In 1986, after the expulsion of Haitian dictator Jean Claude "Baby Doc" Duvalier, the International Monetary Fund (IMF) loaned Haiti $24.6 million in desperately needed funds (Baby Doc had raided the treasury on the way out). But, in order to get the IMF loan, Haiti was required to reduce tariff protections for their Haitian rice and other agricultural products and some industries to open up the country's markets to competition from outside countries. The US has by far the largest voice in decisions of the IMF. "American rice invaded the country," recalled Charles Suffrard, a leading rice grower in Haiti, in an interview with the Washington Post in 2000. By 1987 and 1988, there was so much rice coming into the country that many stopped working the land.

Quigley interviewed Father Gerard Jean-Juste, a Haitian priest and human rights advocate. "In the 1980s, imported rice poured into Haiti, below the cost of what our farmers could produce it," Fr. Jean-Juste said. "Farmers lost their businesses. People from the countryside started losing their jobs and moving to the cities. After a few years of cheap imported rice, local production went way down." By 2008, Haiti was the world's third largest importer of US rice, receiving some 240,000 tons that year alone.

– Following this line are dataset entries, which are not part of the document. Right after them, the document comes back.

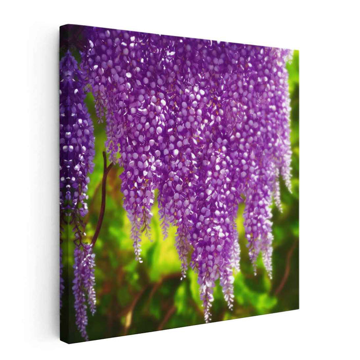 Set against a backdrop of blurred, verdant greenery, the vibrant purples of the wisteria flowers pop with striking contrast, drawing the eye into a world of natural beauty. The soft focus technique used in the background lends a dreamy, ethereal quality to the piece, enhancing the sense of depth and making the blossoms appear almost weightless, as if floating in a serene botanical dreamscape.
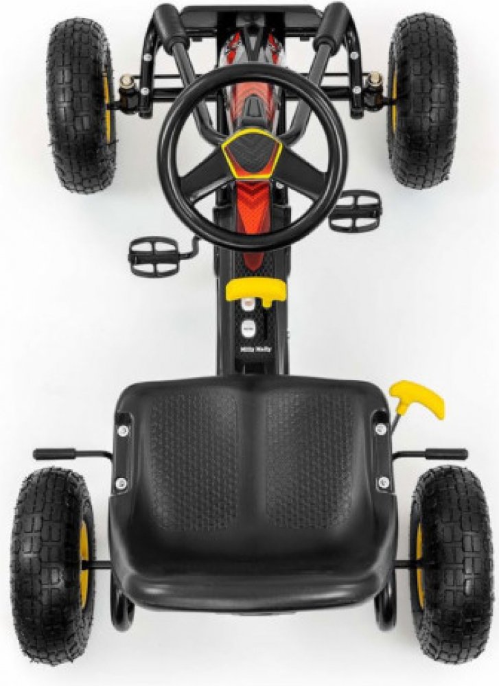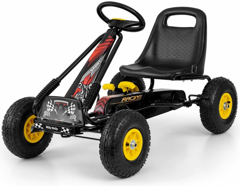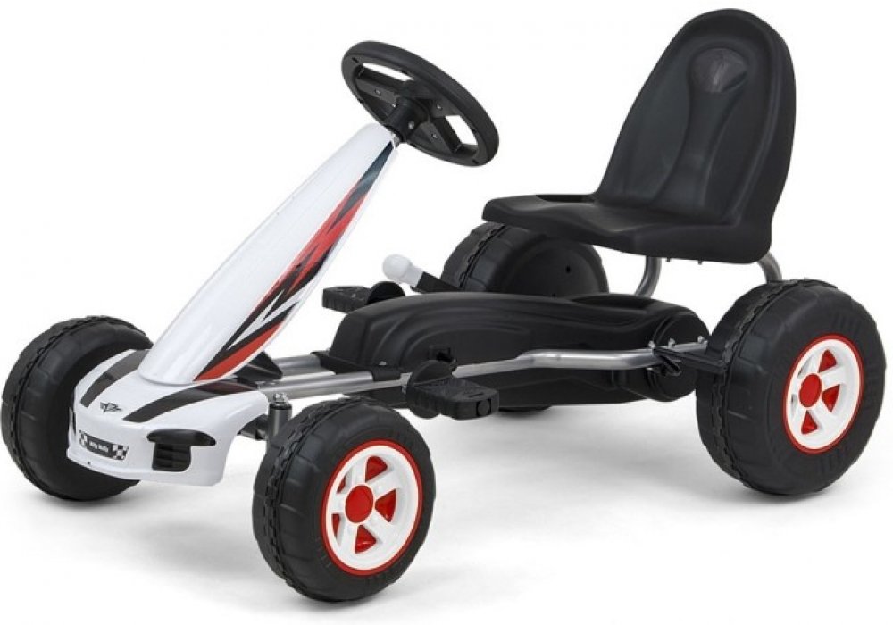 Velká sportovní motokára na pedály byla navržena pro nejmladší řidiče a fanoušky rychlé jízdy. Lehká kovová konstrukce zakončená plastovými kryty ve sportovním stylu dodá řidiči elegantní nádech. Kbelíkové sedadlo s nastavitelnou vzdáleností od volantu - poskytuje pohodlí a umožňuje přizpůsobit vozidlo výšce řidiče. Kompaktní volant usnadňuje ovládání vozidla a velké nafukovací pneumatiky zajistí pohodlí a komfort na jakémkoli povrchu.
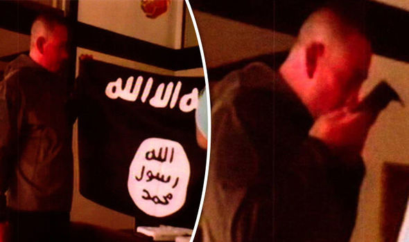 Binh sỹ Mỹ thề trung thành với IS và hôn lên lá cờ của tổ chức khủng bố. (Ảnh: Reuters)
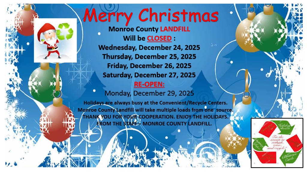 Monroe County Landfill to be Closed on Wednesday, Dec. 24, Thursday, Dec. 25, Friday, Dec. 26, and Saturday, Dec. 27 for Christmas Break
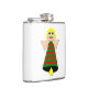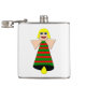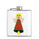 This awesome flask features a pretty Christmas Angel with blonde hair, blue eyes and a big smile. Her body is a festive green and red coloured bell with a yellow clapper at the bottom.
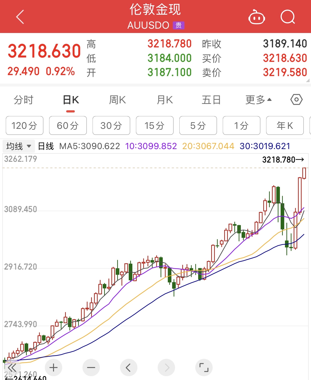 本報訊 (記者李靜)4月11日,現(xiàn)貨黃金站上3200美元/盎司,再創(chuàng)歷史新高。截至發(fā)稿,現(xiàn)貨黃金報3218.63美元/盎司。
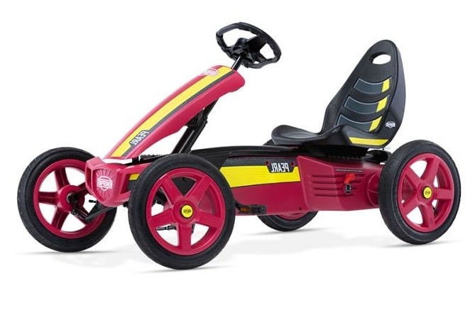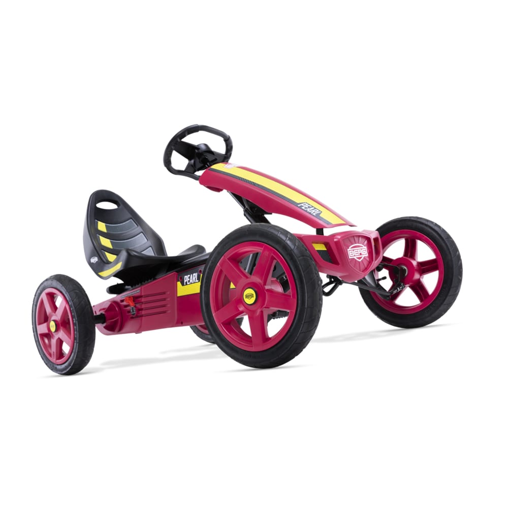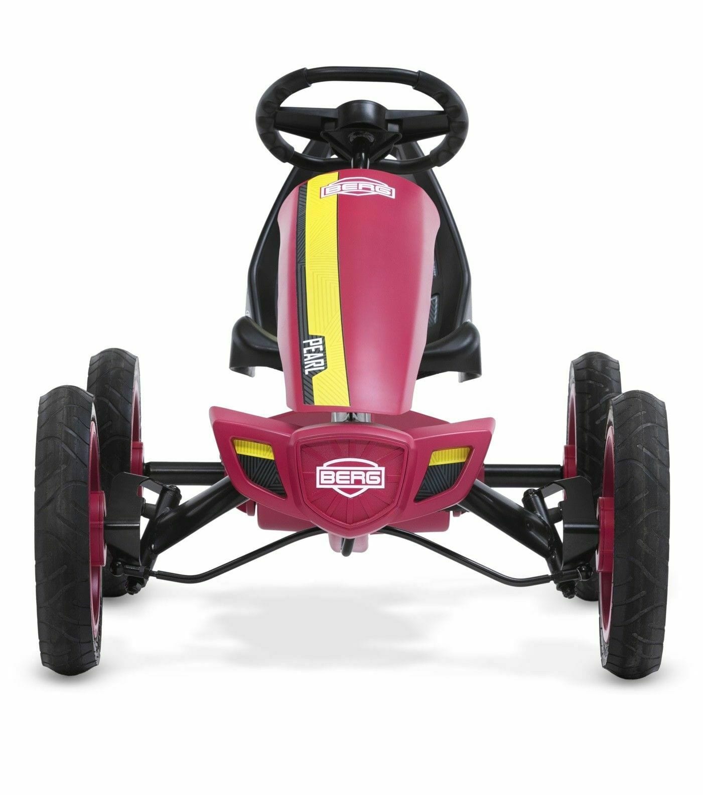 The Berg Rally Pearl Kids Pedal Go Kart has the exciting colour combinations and compact design of a real eye-catcher in the neighborhood! The go-kart has a small turning circle, making it very maneuverable. The Berg Rally Pearl Kids Pedal Go Kart is equipped with the BFR system. With the BFR system, you can drive forwards, brake but also reverse by simply pedalling forwards and backwards. The Rally is fitted with 4 pneumatic tyres which enable you to drive around quietly and comfortably. Together with the swing axle, this makes the go-kart stable and safe. The Pearl is suitable for children aged 4-12.
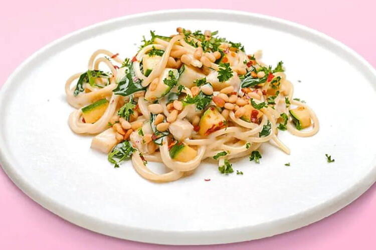 Incorporate the zucchini and pasta into the sauce. Then serve.
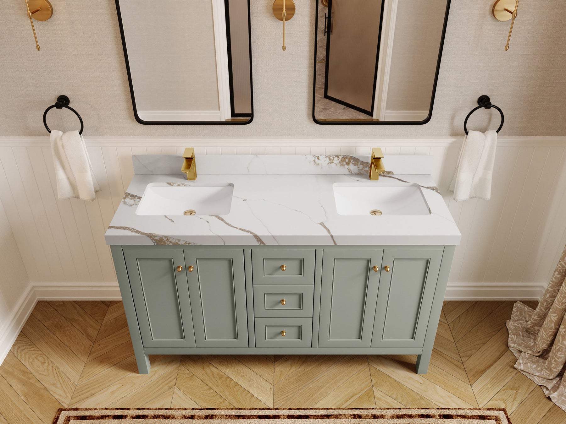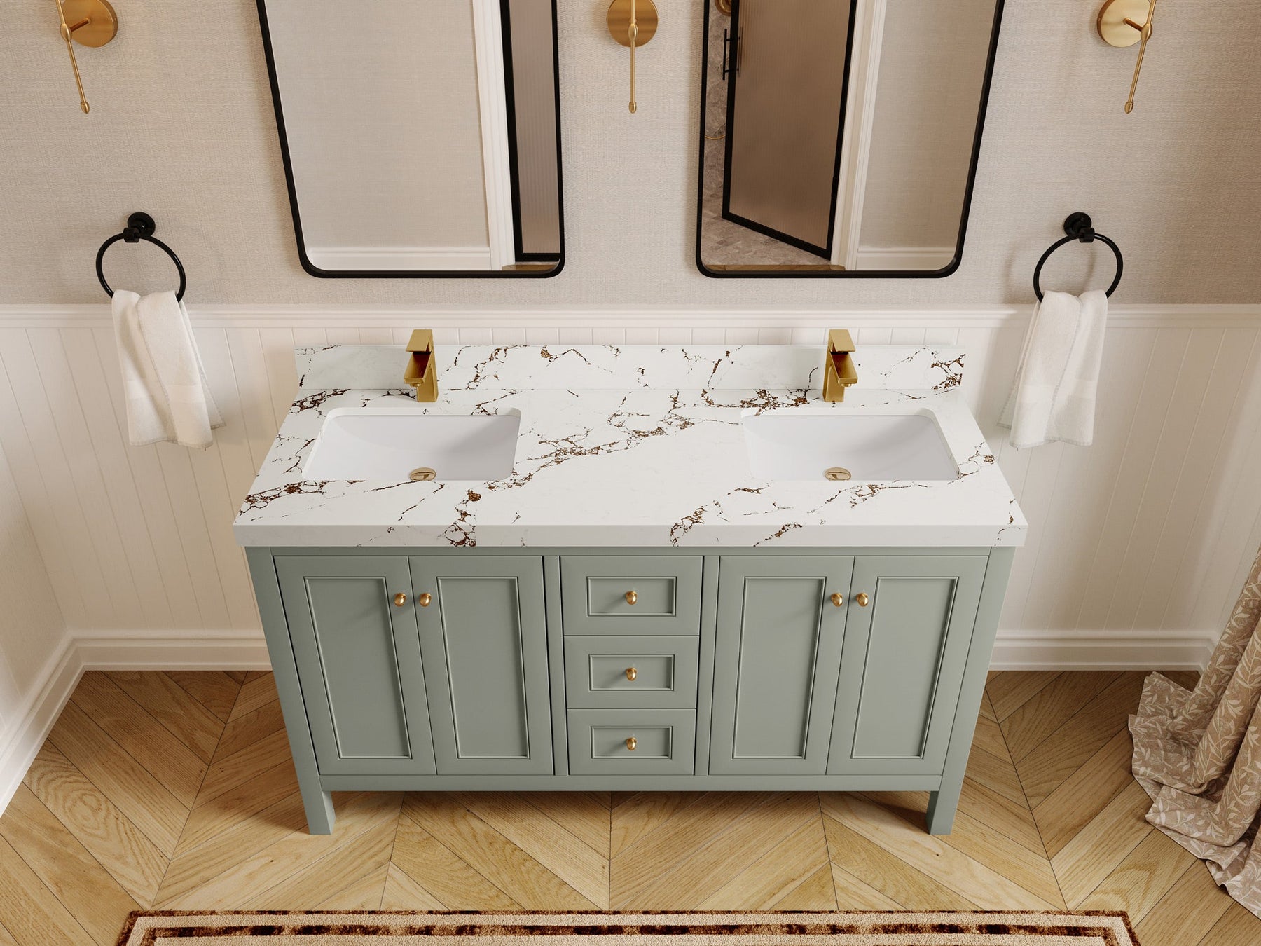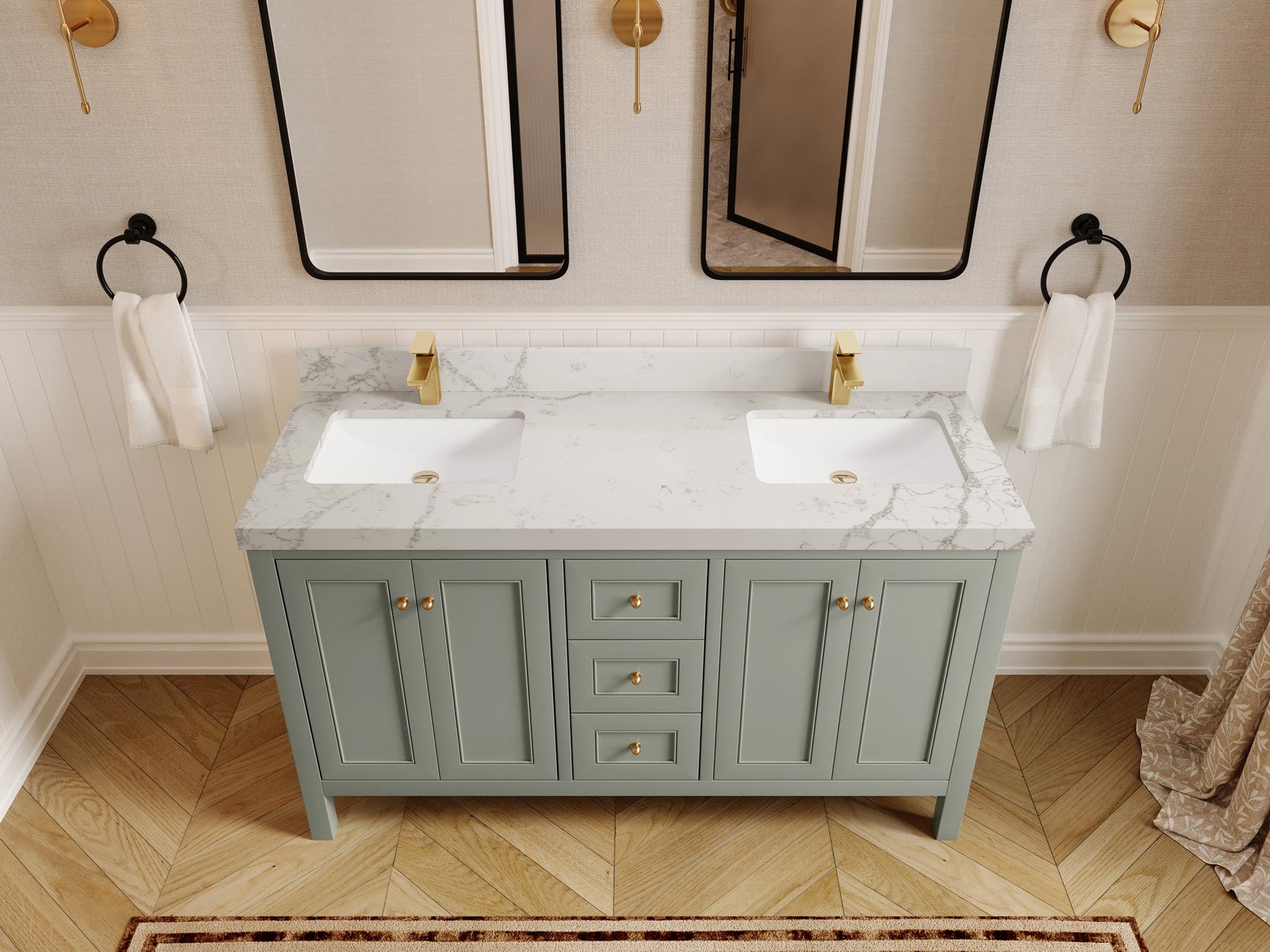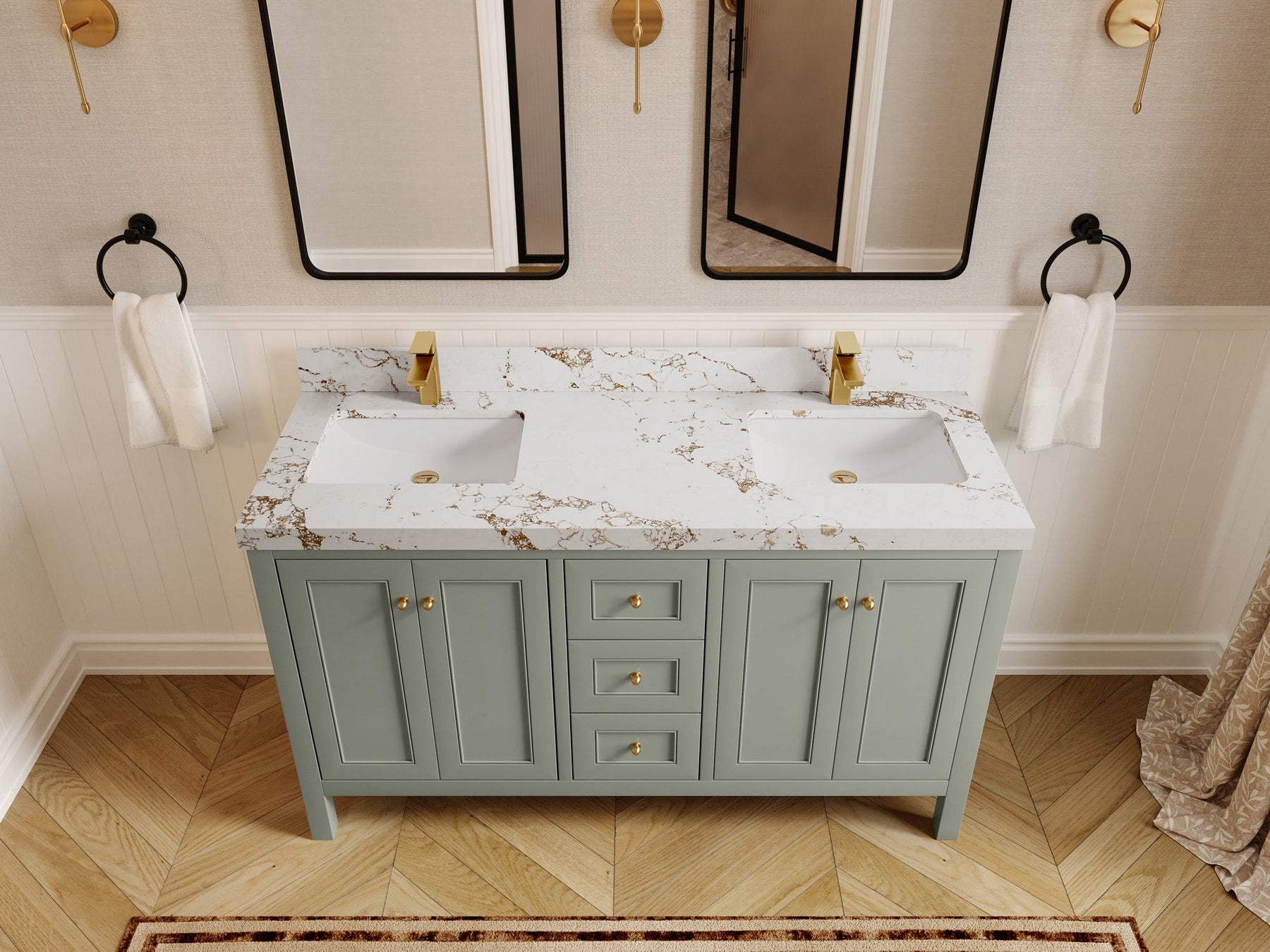 Nashville 60 in. W x 22 in. D Double Sink Bathroom Vanity | Evergreen
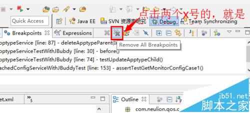 3、会看到一排图标,一个X号的表示取消选择的debug断点,两个X号的是取消所有断点。选择两个X号的,点击。
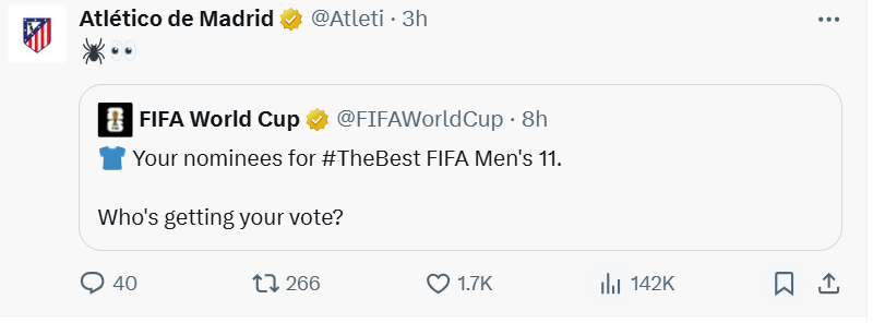 Клуб разместил список, объявленный ФИФА, в своих официальных социальных сетях и добавил два смайлика - паука (прозвище Альвареса - Маленький Паук) и пару широко раскрытых глаз, неявно, но мощно выражая их сомнения.
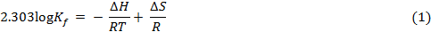 The formation constants Kf was also determined using the Rose-Drago method for UV-visible spectroscopy using equation 2 below as described previously [29].
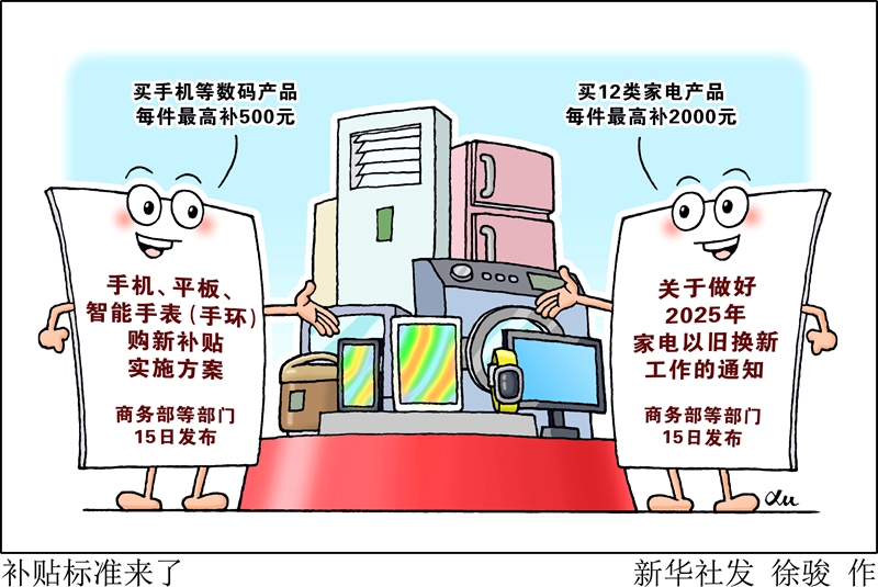 商務部等部門1月15日發布兩份文件,對實施手機、平板、智能手表(手環)購新補貼,以及做好2025年家電以舊換新工作予以安排,明確具體補貼品類和標準。其中,買手機等數碼產品每件最高補500元,買12類家電產品每件最高補2000元。
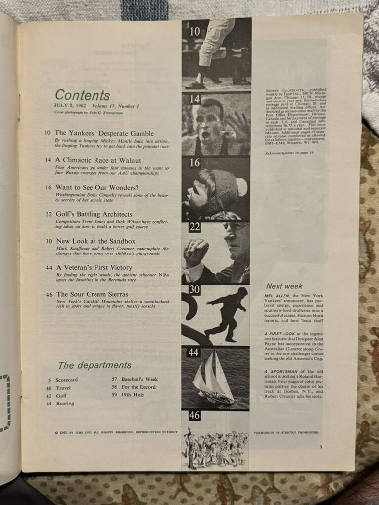 Sports Illustrated Magazine featuring Mickey Mantle on the cover, dated July 2, 1962. This original edition is a must-have for New York Yankees fans and vintage sports memorabilia collectors alike. Showcasing the legendary player in his prime, this magazine is a snapshot of baseball history and a tribute to one of the sport's most iconic figures.
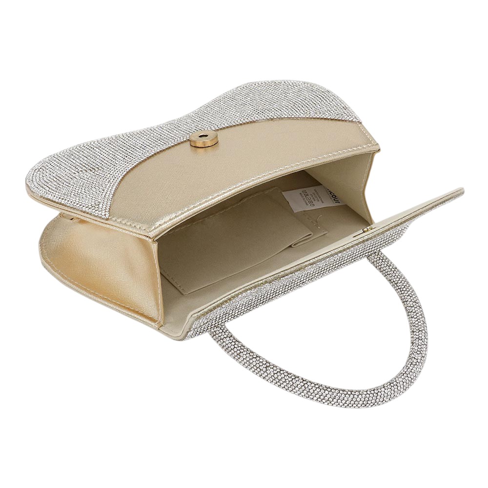 Details • Size : 9" X 5.5" X 2.3" • Top Handle Size : 3.5" L • Strap Size : 46" L / Detachable • Material : 60% Polyurethane, 20% Cotton, 20% Iron • Magnetic Closure • One Inside Slip Pocket • Discover a refined rhinestone handle bag featuring a sculpted flap design, spacious interior, and detachable chain strap. Perfect for evenings and special events, this statement accessory offers versatile styling and timeless sophistication in a compact form.
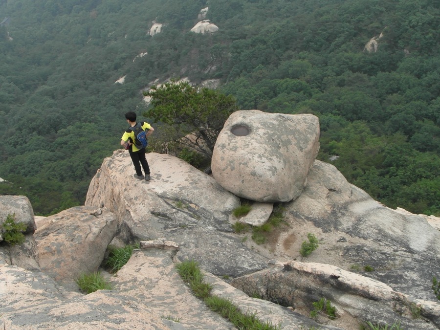 밀면 뒤로 굴러떨어질 거 같은 바위
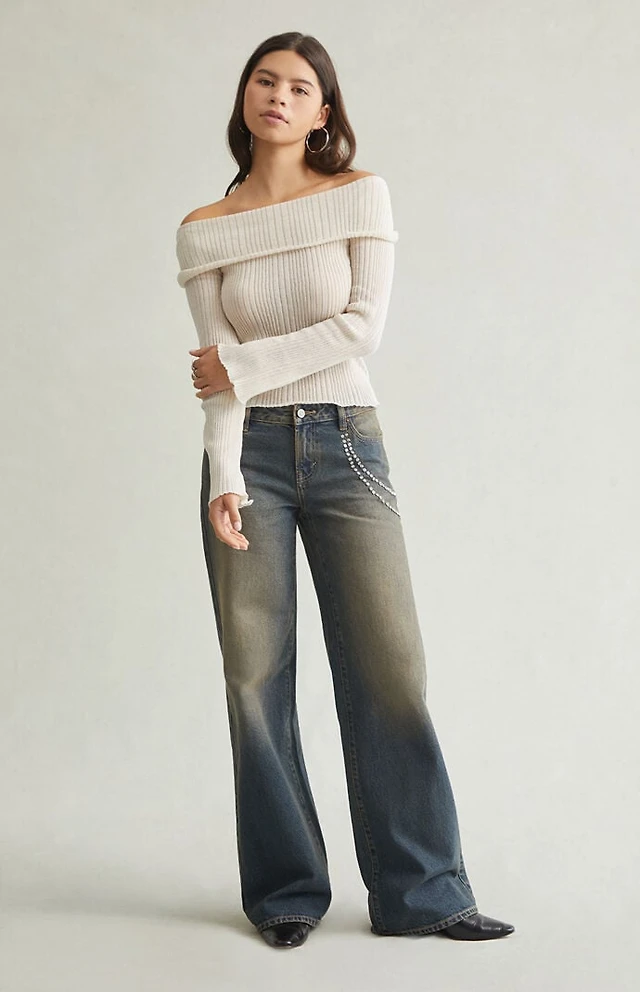 Pacsun Casey Low Rise Baggy Jeans Button Pocket Medium Blue

US rice growers are heavily subsidized by the government. Between 1995-2006 they received $11 billion. The American rice industry is also protected by tariffs - the same sorts of tariffs the IMF demanded Haiti remove. With the average family income standing at about $400 a year, most Haitians couldn't afford to pay international prices for a product they once grew for themselves - so they had to have aid. The US sponsored the aid, but half the money didn't go to buy the food; it went to US farmers, to processors and to shipping companies, because the food had to be transported in US ships. A good part of the so-called handout to Haiti actually went to US agribusiness, which needed markets for its overflowing bins of farm products.